Ela era a comissária para Direitos Humanos na época da Primavera Árabe e do início da guerra civil síria em 2011. Isso foi difícil, lembra ela. “O desafio para mim foi pedir uma ‘zona de exclusão aérea’ para proteger os civis dos ataques aéreos lançados por Bashar al-Assad (n.r.: presidente da Síria desde 2000). Eu estava respondendo aos apelos da sociedade civil e às investigações do Alto Comissariado das Nações Unidas para os Direitos Humanos – ACNUDH. Fiz esse apelo em Bruxelas aos representantes da UE e soube por eles que isso envolveria um exercício militar.”

Ela diz que ficou profundamente perturbada com a guerra maciça que se seguiu – entre as forças de Al-Assad, apoiadas pela Rússia, e as forças da coalizão – que levou à destruição maciça e ao deslocamento de pessoas em um conflito que ainda não tem fim à vista. “Lamentei o fato de poder ter contribuído involuntariamente para o resultado desastroso ao pedir proteção contra o bombardeio de sírios em primeiro lugar”, diz.

Lutando pelos direitos

Pillay enfatiza que o trabalho em seu escritório da ONU em Genebra não foi apenas o esforço de um indivíduo, mas de toda uma equipe competente e dedicada. Mas ela se orgulha especialmente do que fez para combater a discriminação, por exemplo, em relação aos direitos LGBTI.

“Eu fui a Alta Comissária que colocou essa questão na pauta do Conselho de Direitos Humanos e, em seguida, ela foi apresentada à Assembleia Geral e, posteriormente, houve muita discussão e muita assistência de várias partes do mundo, do Norte e do Sul.”

A outra questão da qual ela se orgulha muito, diz ela, é a casta. A Índia conseguiu manter esse assunto fora da agenda da ONU por décadas. “Quando iniciei uma conferência em Genebra sobre essa questão e tive painéis de todo o mundo, pude dizer à Índia que não é só você: a discriminação de castas ocorre em todos esses outros países. Tivemos pessoas das ilhas fora do Japão, tivemos pessoas da Mauritânia, onde a escravidão ainda é praticada, e do Nepal”.

Ela teve que ser diplomática. “O embaixador indiano me disse: casta é uma palavra peculiar à Índia, só faz sentido na Índia e você não deve usá-la. É por isso que não queremos que ela seja discutida em um fórum internacional”, diz Pillay. “Respondi que ele deveria ser generoso e emprestar a palavra ao mundo, exatamente como a África do Sul contribuiu com a palavra apartheid para o discurso internacional.”

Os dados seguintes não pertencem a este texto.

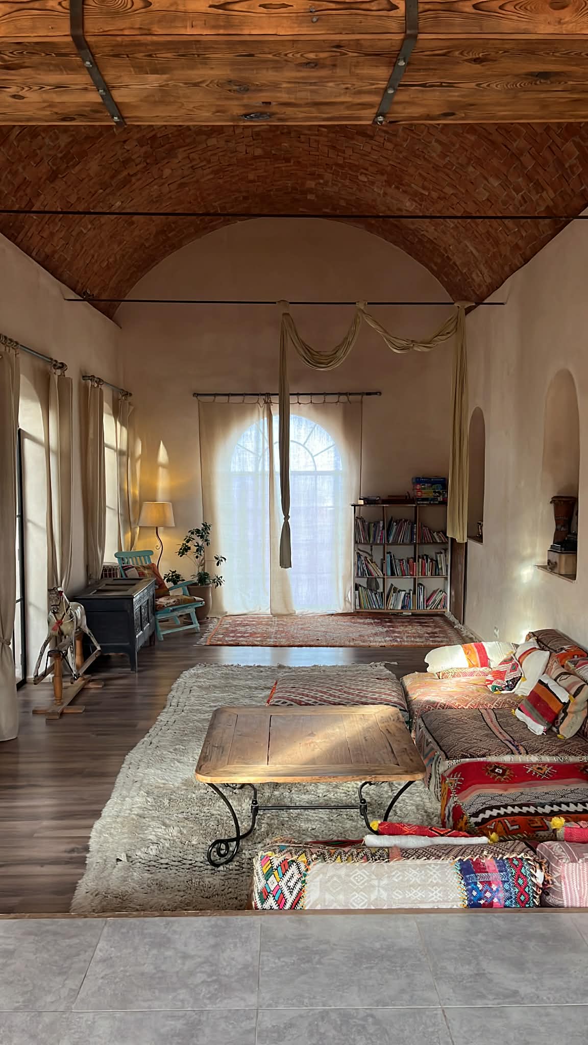 Morgensolen strømmer ind i dette rum gennem spisestuen. Aftenlyset fylder det fra den vestlige bue. I dagens varme, under den plettede skygge, er det et perfekt sted at hænge ud med en bog eller snack.

Ser Alta Comissária era muito diferente de seu trabalho anterior como juíza. “Você sabe, nós julgávamos, sentenciávamos as pessoas. Mas para ser uma Alta Comissária, você tem que ser uma defensora, encontrar o argumento e a abordagem corretos e oferecer ajuda para conseguir o avanço da proteção dos direitos humanos”, diz.

“Estrutura errada”

Como Alta Comissária, o que ela mais gostava era “quando a mensagem era transmitida”. Mas também havia coisas que ela detestava no cargo. “Acho que é uma estrutura errada ter uma pessoa sentada no topo da pirâmide e todo mundo quer ver essa pessoa, sejam ministros de vários países, a equipe, a sociedade civil”, diz Pillay. “E isso se tornou simplesmente esmagador. Eu estava fazendo reuniões a cada 15 minutos, e isso até consumia meu horário de almoço.”

Como advogada e juíza, ela desfrutou de independência e “tempo para pensar”, e “não estava lotada o tempo todo”. Antes de assumir o cargo de Alta Comissária, ela diz que conversou com sua antecessora, Louise Arbour, que também disse que a falta de tempo era sua principal preocupação “e eu disse a ela que controlaria minha própria agenda”. Mas, uma vez no cargo, Pillay diz que “falhou irremediavelmente” em fazer isso.

Aos 81 anos, Navanethem Pillay ainda é ativa em relação aos direitos humanos. Atualmente, ela preside a Comissão Independente de Inquérito sobre o Território Palestino Ocupado, criada pelo Conselho de Direitos Humanos da ONU, com sede em Genebra, em 2021.